▸ **Your objective**
Quote every line of the data below as it stands, omitting pictures.

▸ **Data block**
● ● ● ● ●

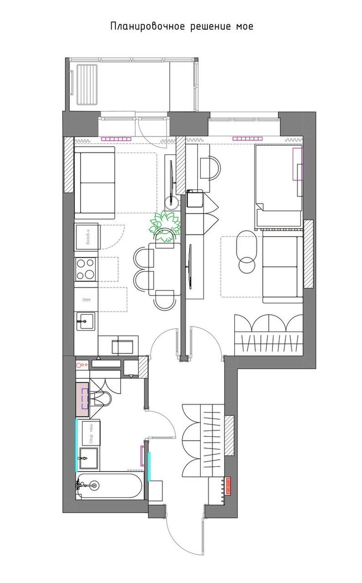 ⬇️⬇️⬇️ Шкаф в прихожей всегда глубиной 60 см. Меньше - только в крайних случаях. Крючки за шкафом, чтобы уменьшить визуальный шум. Унитаз в линию с раковиной. Над самой раковиной будет только зеркало. Хранения в санузле получилось достаточно. Кухню полностью переиграли. Невстроенная СВЧ расположилась на столешнице. Стол получился комфортнее и подход к диванчику стал свободнее. От шведской стенки клиенты отказались. Кровать расположилась изголовьем к перегородке. В дизайне интерьера есть общие рекомендации и те, которые важно совместить с индивидуальными привычками, поэтому подготовка проекта происходит в тесном контакте с клиентами. И меня удивил тот факт, что предыдущий дизайнер не обсудил свои решения с клиентом, ориентируясь только на фотоподборку 🤦♀️ Квартиру точно такой же планировки я разрабатывала около года назад. И в ней мы разделили ванную и санузел, а также перенесли проем в жилую комнату. Ознакомиться с проектом можно в закрепленном посте.
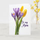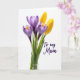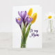 Designed with a simple spring bouquet on a bright white background, this card features soft lavender-purple flowers that look like early crocuses, paired with two sunny yellow buds that feel like they’re leaning close in quiet affection ❤️. The blooms sit slightly left of center, rising on slim green stems that guide your eye upward through gently opened petals. Light falls in a soft, diffused way, making the lavender petals look faintly see-through with fine lines showing in the veining. The yellow buds stay more closed, adding a sweet contrast, like a shy companion beside a more open friend 🌼. On the right side, the words “To my Mum” appear in a flowing handwritten look, spaced neatly with plenty of white space around them. The text is set in a dark tone that stands out clearly against the pale background without overpowering the flowers. Small golden touches appear near the centers of the purple blossoms, and the green stems taper delicately as they reach upward.
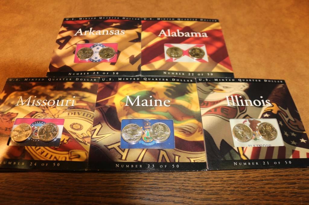 ORIGINAL US MINT PACKAGING, 2003 ALABAMA, 2003 ARKANSAS, 2003 ILLINOIS, 2003 MAINE AND 2003 MISSOURI
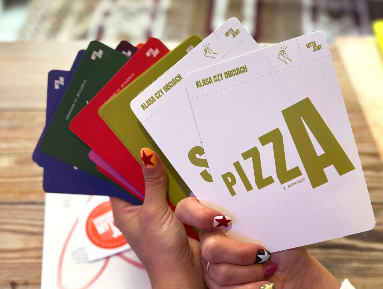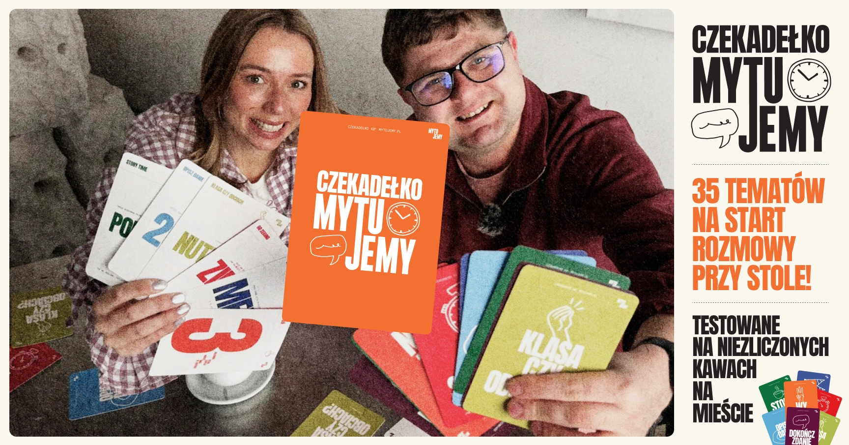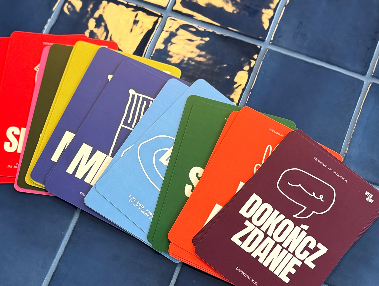 "Czekadełko" to talia 35 kart podzielonych na 7 kategorii, które uruchamiają wspomnienia, opinie, skojarzenia i emocje - raz z przymrużeniem oka, raz zaskakująco szczerze. W zestawie znalazły się również dwa specjalne jokery od samych autorów oraz arkusz naklejek do personalizacji pudełka. Gra działa zarówno w parach, jak i w większym gronie, a zasady można przyswoić w minutę - instrukcja czeka pod wieczkiem.

● ● ● ● ●

▸ **Solution to this task**
 ⬇️⬇️⬇️ Шкаф в прихожей всегда глубиной 60 см. Меньше - только в крайних случаях. Крючки за шкафом, чтобы уменьшить визуальный шум. Унитаз в линию с раковиной. Над самой раковиной будет только зеркало. Хранения в санузле получилось достаточно. Кухню полностью переиграли. Невстроенная СВЧ расположилась на столешнице. Стол получился комфортнее и подход к диванчику стал свободнее. От шведской стенки клиенты отказались. Кровать расположилась изголовьем к перегородке. В дизайне интерьера есть общие рекомендации и те, которые важно совместить с индивидуальными привычками, поэтому подготовка проекта происходит в тесном контакте с клиентами. И меня удивил тот факт, что предыдущий дизайнер не обсудил свои решения с клиентом, ориентируясь только на фотоподборку 🤦♀️ Квартиру точно такой же планировки я разрабатывала около года назад. И в ней мы разделили ванную и санузел, а также перенесли проем в жилую комнату. Ознакомиться с проектом можно в закрепленном посте.
 Designed with a simple spring bouquet on a bright white background, this card features soft lavender-purple flowers that look like early crocuses, paired with two sunny yellow buds that feel like they’re leaning close in quiet affection ❤️. The blooms sit slightly left of center, rising on slim green stems that guide your eye upward through gently opened petals. Light falls in a soft, diffused way, making the lavender petals look faintly see-through with fine lines showing in the veining. The yellow buds stay more closed, adding a sweet contrast, like a shy companion beside a more open friend 🌼. On the right side, the words “To my Mum” appear in a flowing handwritten look, spaced neatly with plenty of white space around them. The text is set in a dark tone that stands out clearly against the pale background without overpowering the flowers. Small golden touches appear near the centers of the purple blossoms, and the green stems taper delicately as they reach upward.
 ORIGINAL US MINT PACKAGING, 2003 ALABAMA, 2003 ARKANSAS, 2003 ILLINOIS, 2003 MAINE AND 2003 MISSOURI
 "Czekadełko" to talia 35 kart podzielonych na 7 kategorii, które uruchamiają wspomnienia, opinie, skojarzenia i emocje - raz z przymrużeniem oka, raz zaskakująco szczerze. W zestawie znalazły się również dwa specjalne jokery od samych autorów oraz arkusz naklejek do personalizacji pudełka. Gra działa zarówno w parach, jak i w większym gronie, a zasady można przyswoić w minutę - instrukcja czeka pod wieczkiem.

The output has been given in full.